Items from a data source:
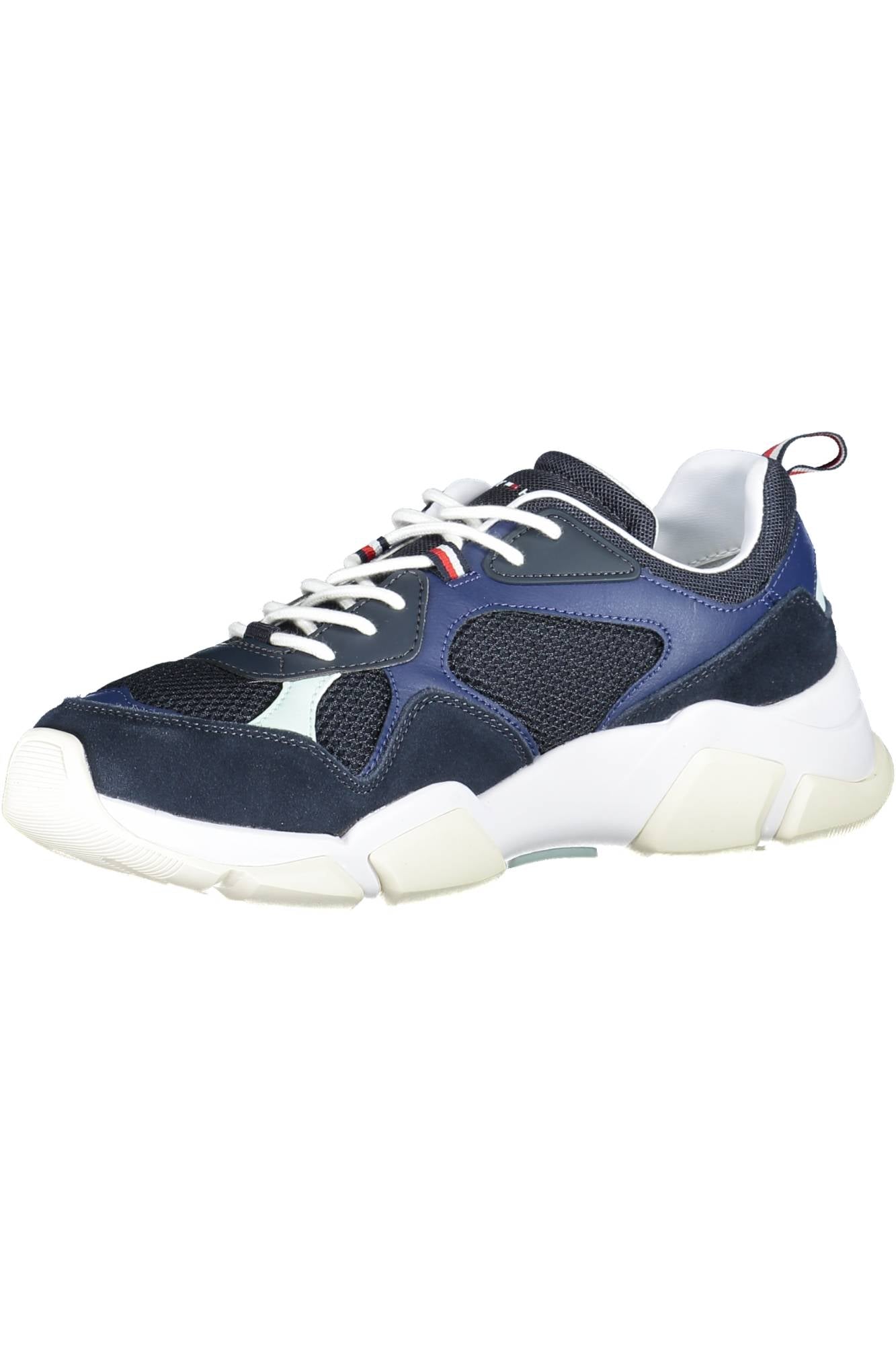 Eleganter blauer Herrensportschuh mit Kontrastdetails und Logo-Highlight
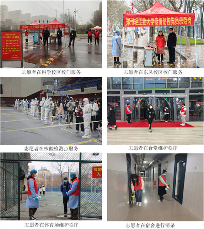 本次疫情防控志愿服務(wù)本著“個人自愿申請、黨員干部帶頭”的原則,在學(xué)校疫情防控工作領(lǐng)導(dǎo)小組安排指導(dǎo)下開展了多項(xiàng)活動,志愿者們結(jié)合自身實(shí)際,主動參與防控宣傳,線上利用學(xué)校官方媒體平臺宣傳防控知識,線下在服務(wù)過程中宣傳防控措施和防控要求,傳播疫情防控社會正能量。教職工志愿者落實(shí)服務(wù)下沉一線要求,積極參與校園管理,服務(wù)在核酸檢測點(diǎn)的教職工志愿者耐心細(xì)致,積極維護(hù)現(xiàn)場秩序,提醒檢測師生做好個人防護(hù);服務(wù)在兩校區(qū)大門的教職工志愿者嚴(yán)把校門關(guān),協(xié)助安保人員實(shí)施校園封閉式管理工作,對進(jìn)出校門的人員、車輛進(jìn)行細(xì)致查驗(yàn),守穩(wěn)學(xué)校疫情防控第一道防線。各學(xué)院積極響應(yīng),動員學(xué)生志愿者在食堂、操場、宿舍等區(qū)域服務(wù)。食堂的志愿者們積極做好洗手消毒指引、購餐引導(dǎo)、維護(hù)秩序等工作,為師生們提供良好的就餐秩序;宿舍的志愿者們協(xié)助宿管老師對宿舍走廊等公共區(qū)域進(jìn)行消殺,為同學(xué)們營造出健康舒適的住宿環(huán)境;校園巡查志愿者在校園公共區(qū)域?qū)Σ灰?guī)范行為進(jìn)行及時勸阻和引導(dǎo),提醒進(jìn)入教學(xué)樓、體育場等區(qū)域人員做好防疫措施并發(fā)放口罩。全體師生員工層層壓實(shí)校園疫情防控責(zé)任,時刻繃緊思想之弦,確保校園不留安全死角。
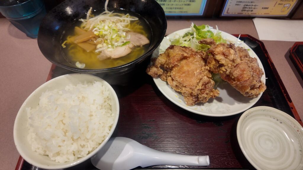 からあげ2個とミニラーメン、サラダとライスが付いた人気No2のセットです。
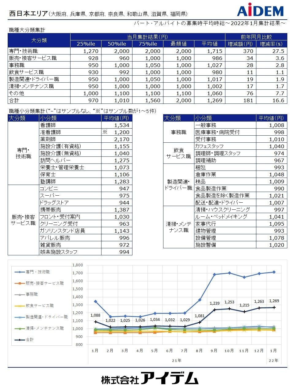 総合人材情報サービスの株式会社アイデム(本社:東京都新宿区 代表取締役社長:椛山 亮)は、求人メディア『イーアイデム』や採用ホームページ構築サービス『Jobギア採促』を利用して公表された求人情報から、2022年1月のパート・アルバイト募集時平均時給を集計いたしました。
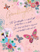 Celebrate your granddaughter’s birthday with this elegant card from Words & Wishes. Featuring soft pastel pink tones, delicate flowers, and butterflies, it conveys a heartfelt message with grace and warmth, perfect for a special day.

Work instructions: The records above should be reproduced exactly, with no pictures included.

Task response:
 Eleganter blauer Herrensportschuh mit Kontrastdetails und Logo-Highlight
 本次疫情防控志愿服務(wù)本著“個人自愿申請、黨員干部帶頭”的原則,在學(xué)校疫情防控工作領(lǐng)導(dǎo)小組安排指導(dǎo)下開展了多項(xiàng)活動,志愿者們結(jié)合自身實(shí)際,主動參與防控宣傳,線上利用學(xué)校官方媒體平臺宣傳防控知識,線下在服務(wù)過程中宣傳防控措施和防控要求,傳播疫情防控社會正能量。教職工志愿者落實(shí)服務(wù)下沉一線要求,積極參與校園管理,服務(wù)在核酸檢測點(diǎn)的教職工志愿者耐心細(xì)致,積極維護(hù)現(xiàn)場秩序,提醒檢測師生做好個人防護(hù);服務(wù)在兩校區(qū)大門的教職工志愿者嚴(yán)把校門關(guān),協(xié)助安保人員實(shí)施校園封閉式管理工作,對進(jìn)出校門的人員、車輛進(jìn)行細(xì)致查驗(yàn),守穩(wěn)學(xué)校疫情防控第一道防線。各學(xué)院積極響應(yīng),動員學(xué)生志愿者在食堂、操場、宿舍等區(qū)域服務(wù)。食堂的志愿者們積極做好洗手消毒指引、購餐引導(dǎo)、維護(hù)秩序等工作,為師生們提供良好的就餐秩序;宿舍的志愿者們協(xié)助宿管老師對宿舍走廊等公共區(qū)域進(jìn)行消殺,為同學(xué)們營造出健康舒適的住宿環(huán)境;校園巡查志愿者在校園公共區(qū)域?qū)Σ灰?guī)范行為進(jìn)行及時勸阻和引導(dǎo),提醒進(jìn)入教學(xué)樓、體育場等區(qū)域人員做好防疫措施并發(fā)放口罩。全體師生員工層層壓實(shí)校園疫情防控責(zé)任,時刻繃緊思想之弦,確保校園不留安全死角。
 からあげ2個とミニラーメン、サラダとライスが付いた人気No2のセットです。
 総合人材情報サービスの株式会社アイデム(本社:東京都新宿区 代表取締役社長:椛山 亮)は、求人メディア『イーアイデム』や採用ホームページ構築サービス『Jobギア採促』を利用して公表された求人情報から、2022年1月のパート・アルバイト募集時平均時給を集計いたしました。
 Celebrate your granddaughter’s birthday with this elegant card from Words & Wishes. Featuring soft pastel pink tones, delicate flowers, and butterflies, it conveys a heartfelt message with grace and warmth, perfect for a special day.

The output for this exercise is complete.